1a. Standard guitar fretboard E2-E4 + Capo at 5th fret = Standard linear ukulele fretboard G3C4E4A5

1b. Standard guitar fretboard E2-E4 + Capo at 5th fret = Standard Guilele fretboard A3-A5


2a. The notes for E2-E4 guitar start at E2 (~82 hertz) in the Bass clef and continues up past the middle C4 (~261 hertz) towards the skinny E4 string (~329 hertz), then continues up the guitar skinny E string to the 12th fret at E5 (~659 hertz) and on up towards the 20th fret

2b. By convention the music for guitar is written an octave higher than reality so that it will fit mostly on the Treble Clef. Musicians say that that guitar music is 'transposed' an octave. Guitarists will play notes an octave lower than written.


3a. Ukulele G3 would normally be written on top line of the Bass clef, and the C4 is middle C.

3b. So music for linear ukulele can be written normally starting with low G3 on the fourth line of the Bass clef. Or for re-entrant ukulele starting with the C4 at middle C.

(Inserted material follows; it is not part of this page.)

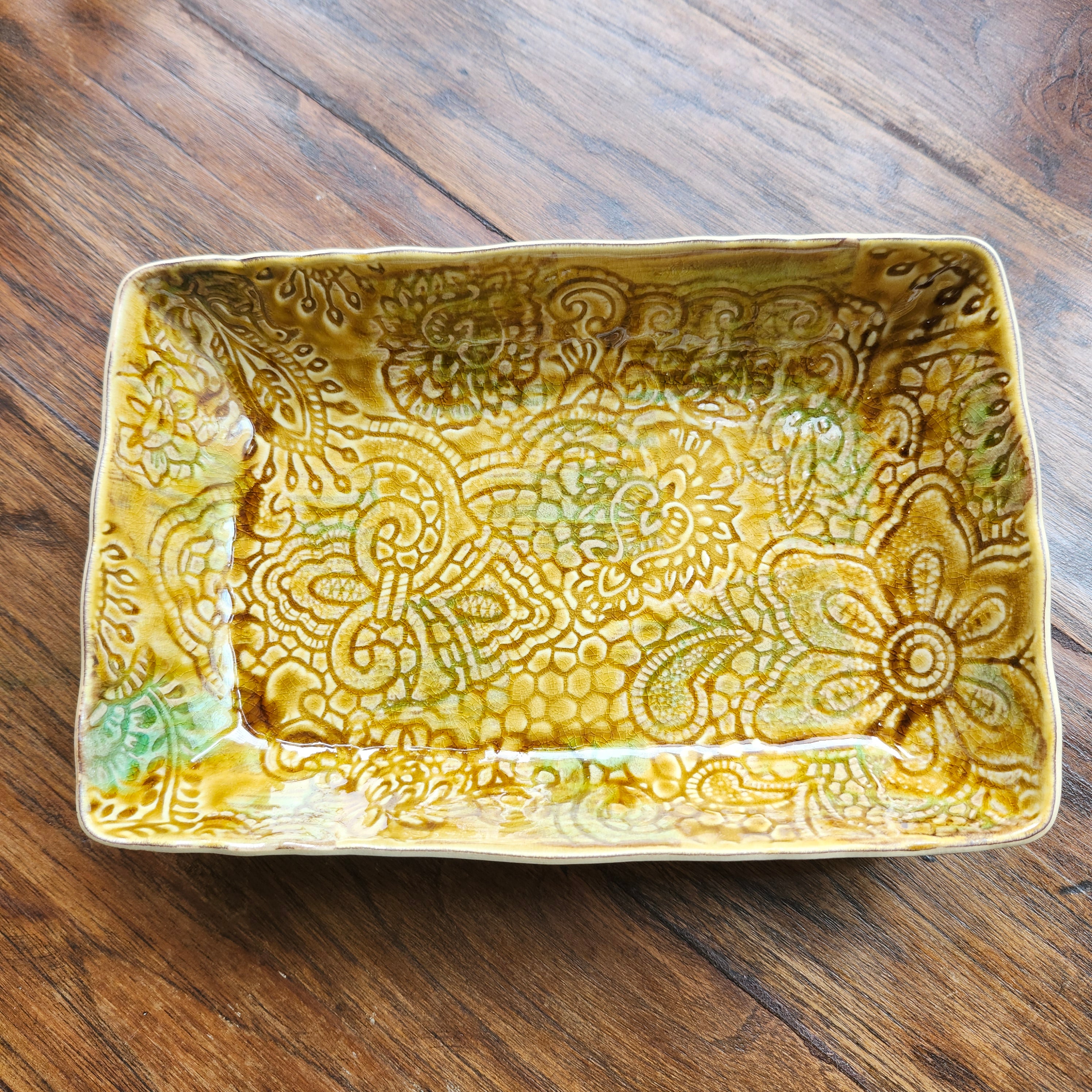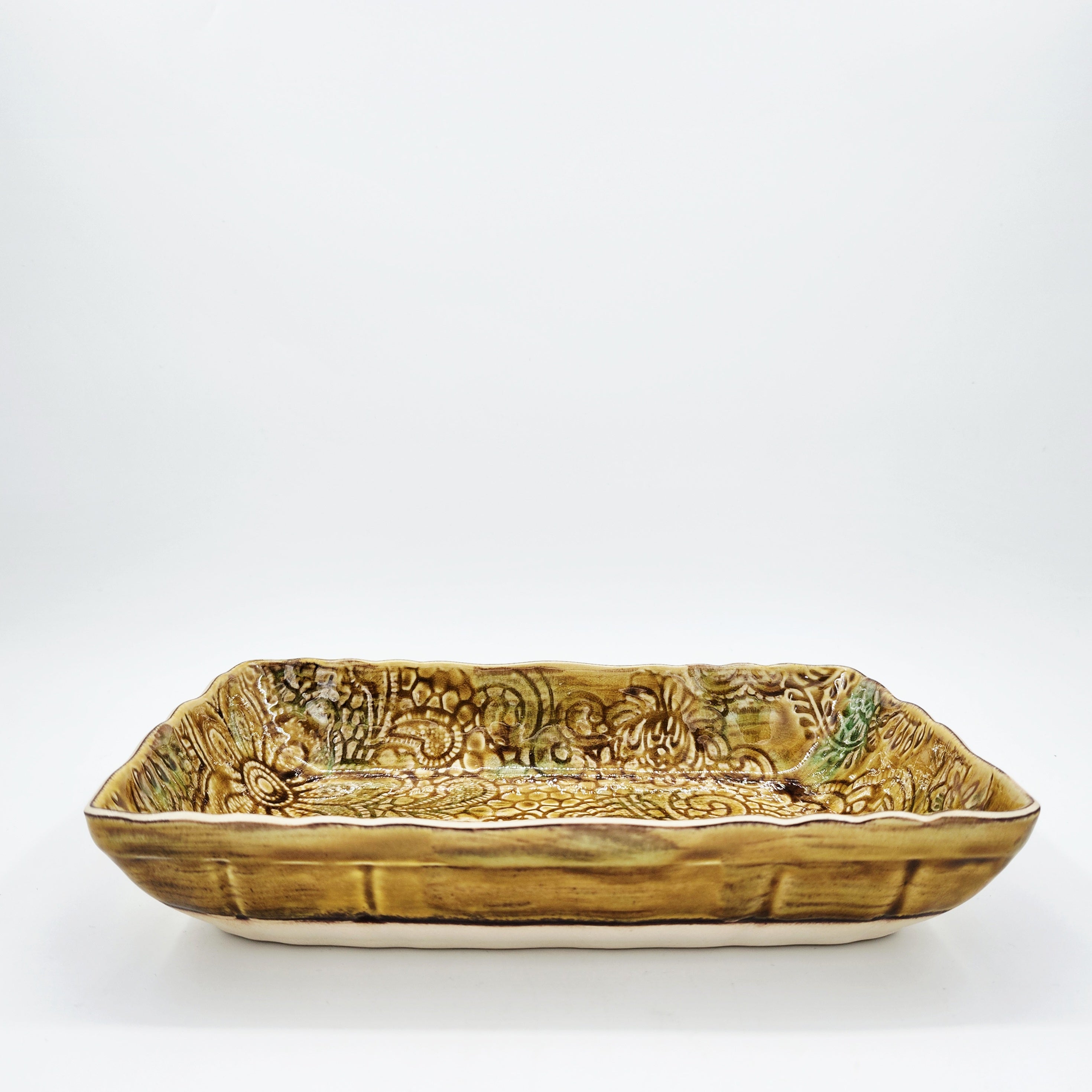 This small ceramic gratin dish in 'pineapple' could be used either as a serving dish, or could be used for roasting or baking for a stylish oven-to-table dish. Pair with other Stmhal serving dishes and table ware.

4a. Music notation (transposed) for standard guitar needs to be played on guitar an octave lower than written to sound correct notes.

4b. To play on GCEA ukulele or A-A guilele you need to check whether the sheet music is written for direct ukulele or for transposed guitar.



5. On your Sublimelody chart:

5a. On the fourth diagram (guitar fretboard), draw the ‘nut’ to the left of EADGBE

5b. To find the start of the A-A guilele fretboard within the guitar fretboard, start at the nut and count 5 frets to the right.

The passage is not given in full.